さて、なにをカバーするためにがん保険は必要なのでしょうか?
医療費といえば、手術、入院、薬物治療に係るようですね。
最近の癌治療では、手術はしますが、手術手法の改良によりごく短期の入院や日帰り手術で対応できるケースが増えています。
一方で、副作用の少ない有効な抗ガン剤を長期間服用し、がんの再発を抑える・コントロースするという方向にシフトしています。
患者の身体的負担も少なく、退院後に薬物治療を続けながら日常生活を送ることができる点が素晴らしいのですが、一方で薬剤費負担が高額になります。

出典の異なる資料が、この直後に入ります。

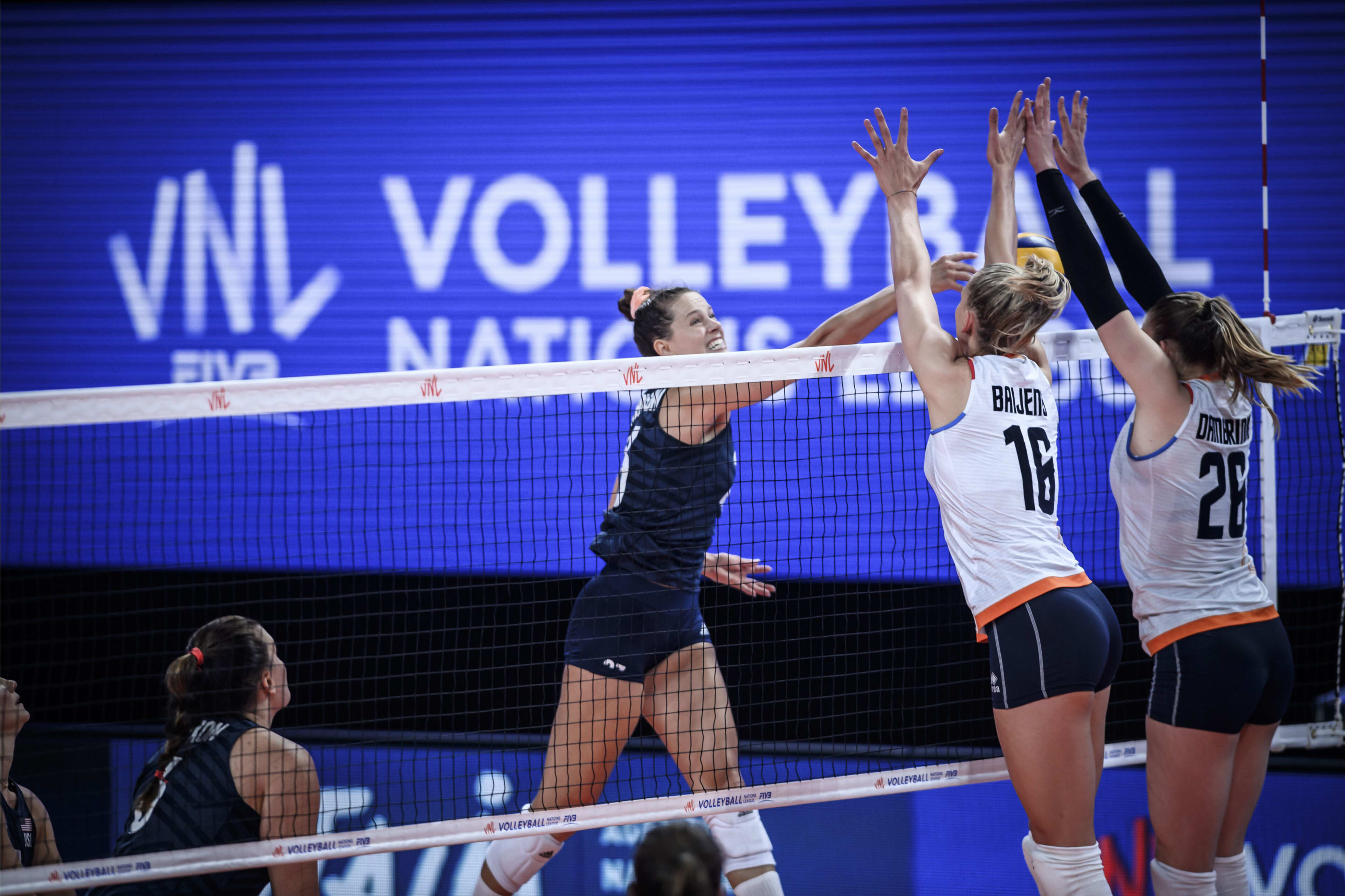 Het is Nederland niet gelukt om dinsdagavond Amerika een voet dwars te zetten. De regerend VNL-winnaar en titelfavoriet voor deze editie versloeg Nederland in drie sets (22-25, 15-25, 16-25).

一般的に手術費用は数十万程度ですが、ホルモン剤や最新の抗ガン剤で年単位の薬物療法を行うと、年間1000万円以上の治療費となることがあり、がん保険に入るのであればこのう薬剤費を補てんするタイプのものを選ぶべきです。

多くの場合、現時点では高額療養費制度が適用できまが、年収770万円の世帯で、がん治療のために毎月9万円以上、年間100万円以上の自己負担を何年も続けることができるでしょうか。
特にがんの罹患率が上がってくる40代後半以降では、子供がいれば教育費もかかってくる時期ですよね。

お金が無いので、効果がでている抗がん剤の投与をやめる。結果再発、死亡なんてだれも望んでいないはずです。

がん保険の主な給付対象

各保険会社が様々なタイプのがん保険を販売しています。主には以下の4点を給付対象としています。

  • がんと診断されたときの給付金
  • 手術のたびの給付金
  • 入院保障
  • 抗がん剤の治療費の補填

重視すべき項目

さて、ここで重視すべき項目は何でしょう?
先に述べたように、現在入院期間については年々減少傾向にあります。
一方で、治療費のうち「薬剤費」が、非常に高額となってきています。薬剤費に比べるとはっきりいって手術費用や診断時の数十万円の給付金は誤差範囲です。

そのため、すべての項目をカバーできる高額な保険に加入できるひとは問題ないですが、そうでない人は、「抗がん剤の治療費の補填」が手厚い商品を選ぶべきでしょう。

じつはこのタイプの保険はあまり多くありません。
特に昔から加入している場合、がんと診断されたときの給付金や入院保障といったものが手厚い古いタイプのものである可能性があります。

10年以上前に加入したっきりのかたは、一度みなおしたほうがいいでしょう。

それでは。


最後まで読んでくださってありがとうございました。